As far as how any emotion-detecting AI trained on the Open Empathic data set — biased or no — is used, LAION is intent on upholding its open source philosophy — even if that means the AI might be abused.

“Using AI to understand emotions is a powerful venture, but it’s not without its challenges,” Robert Kaczmarczyk, a LAION co-founder and physician at the Technical University of Munich, said via email. “Like any tool out there, it can be used for both good and bad. Imagine if just a small group had access to advanced technology, while most of the public was in the dark. This imbalance could lead to misuse or even manipulation by the few who have control over this technology.”

Where it concerns AI, laissez faire approaches sometimes come back to bite model’s creators — as evidenced by how Stable Diffusion is now being used to create child sexual abuse material and nonconsensual deepfakes.

Certain privacy and human rights advocates, including European Digital Rights and Access Now, have called for a blanket ban on emotion recognition. The EU AI Act, the recently enacted European Union law that establishes a governance framework for AI, bars the use of emotion recognition in policing, border management, workplaces and schools.

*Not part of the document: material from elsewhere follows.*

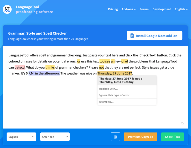 Language tool is another grammar checker that allows users to write error-free writing. It is also available for English as well as the German language. You can simply paste your content on the app and correct your highlighted mistakes.

And some companies have voluntarily pulled their emotion-detecting AI, like Microsoft, in the face of public blowback.

LAION seems comfortable with the level of risk involved, though — and has faith in the open development process.

“We welcome researchers to poke around, suggest changes, and spot issues,” Kaczmarczyk said. “And just like how Wikipedia thrives on its community contributions, Open Empathic is fueled by community involvement, making sure it’s transparent and safe.”

Transparent? Sure. Safe? Time will tell.